> **WORK REQUIRED**
Which lines in the records below contain the word "Party"? Copy each of them.

------ DATA FOR ANALYSIS

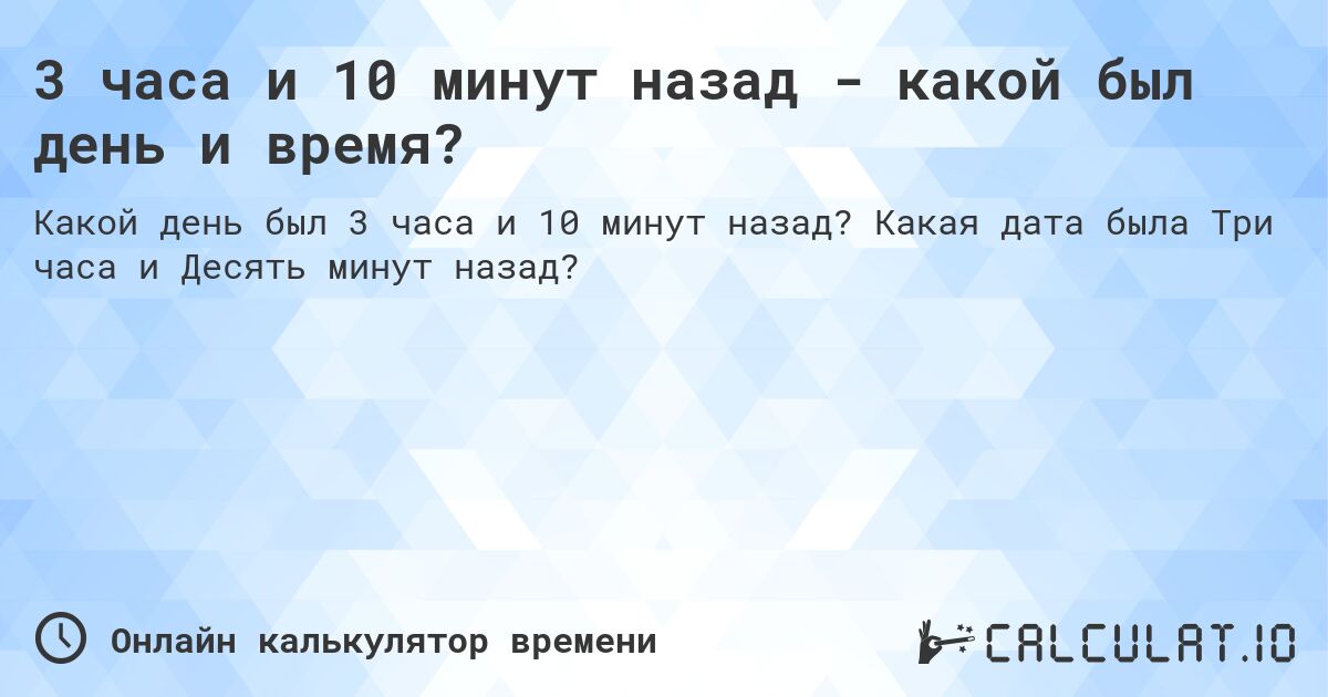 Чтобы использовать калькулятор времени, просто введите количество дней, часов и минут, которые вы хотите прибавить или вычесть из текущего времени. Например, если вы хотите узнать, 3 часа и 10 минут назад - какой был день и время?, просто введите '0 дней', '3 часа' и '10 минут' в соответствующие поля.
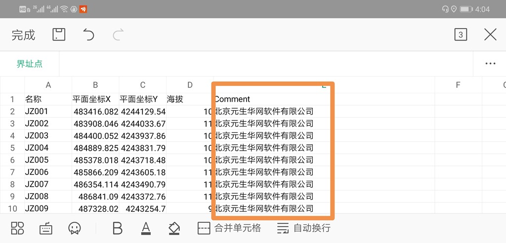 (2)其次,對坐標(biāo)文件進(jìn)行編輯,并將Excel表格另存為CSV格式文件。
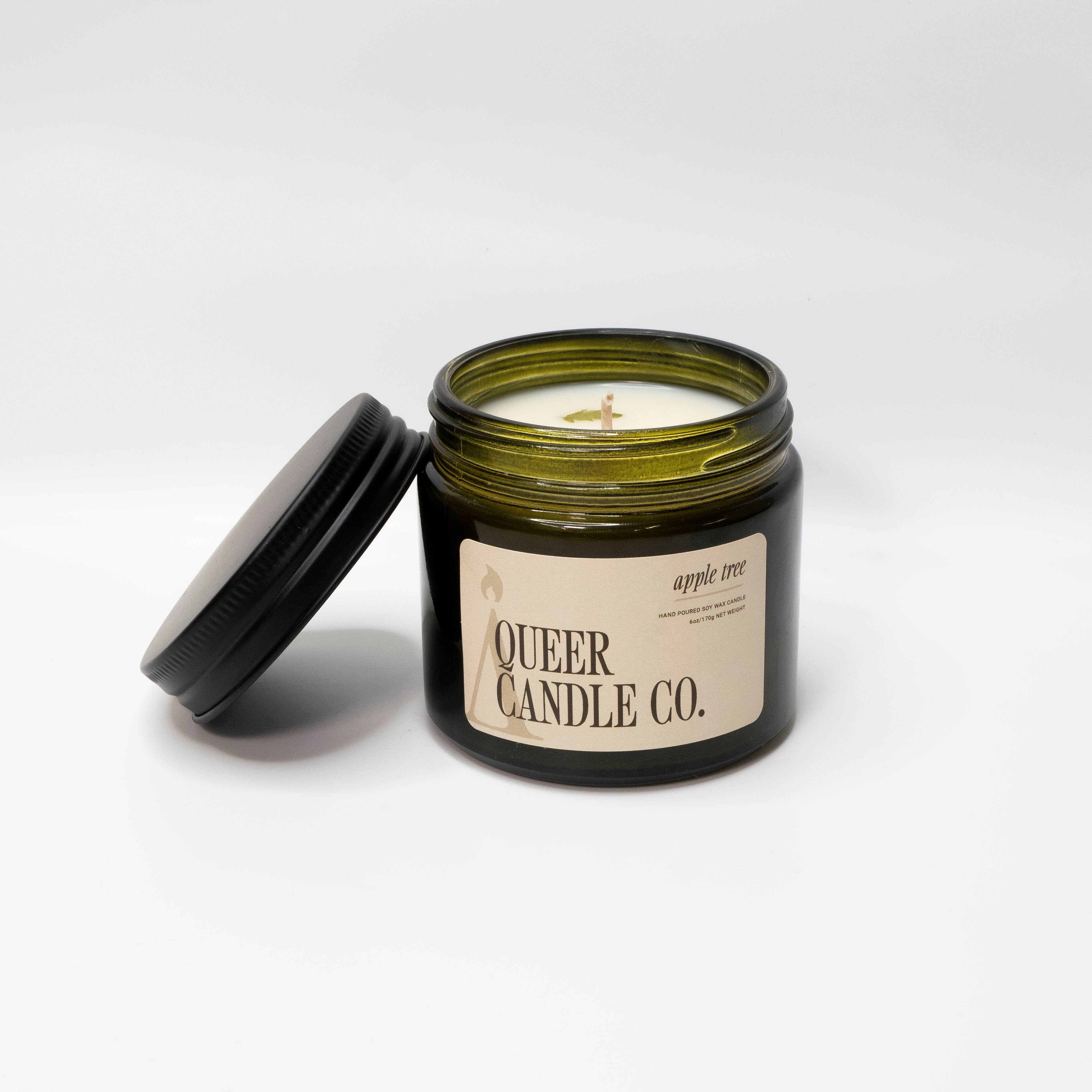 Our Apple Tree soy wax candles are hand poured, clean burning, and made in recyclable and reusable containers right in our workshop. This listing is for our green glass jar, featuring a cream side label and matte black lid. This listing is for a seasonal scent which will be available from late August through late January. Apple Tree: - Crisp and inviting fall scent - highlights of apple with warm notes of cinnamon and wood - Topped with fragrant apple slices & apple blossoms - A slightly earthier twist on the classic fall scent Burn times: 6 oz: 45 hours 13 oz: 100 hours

------------
------ DATA FOR ANALYSIS

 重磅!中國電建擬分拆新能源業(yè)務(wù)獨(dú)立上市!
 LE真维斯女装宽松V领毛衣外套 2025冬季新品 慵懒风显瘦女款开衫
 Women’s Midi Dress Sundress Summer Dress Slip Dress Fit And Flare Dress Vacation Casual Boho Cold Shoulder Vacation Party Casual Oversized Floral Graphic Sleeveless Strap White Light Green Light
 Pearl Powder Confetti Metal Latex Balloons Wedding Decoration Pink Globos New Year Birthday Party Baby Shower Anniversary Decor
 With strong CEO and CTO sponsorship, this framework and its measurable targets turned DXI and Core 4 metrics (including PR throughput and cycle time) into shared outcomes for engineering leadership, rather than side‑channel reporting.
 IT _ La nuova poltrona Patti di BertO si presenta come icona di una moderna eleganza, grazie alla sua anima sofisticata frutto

------------

> **SOLUTION TO THIS TASK**
 Women’s Midi Dress Sundress Summer Dress Slip Dress Fit And Flare Dress Vacation Casual Boho Cold Shoulder Vacation Party Casual Oversized Floral Graphic Sleeveless Strap White Light Green Light
 Pearl Powder Confetti Metal Latex Balloons Wedding Decoration Pink Globos New Year Birthday Party Baby Shower Anniversary Decor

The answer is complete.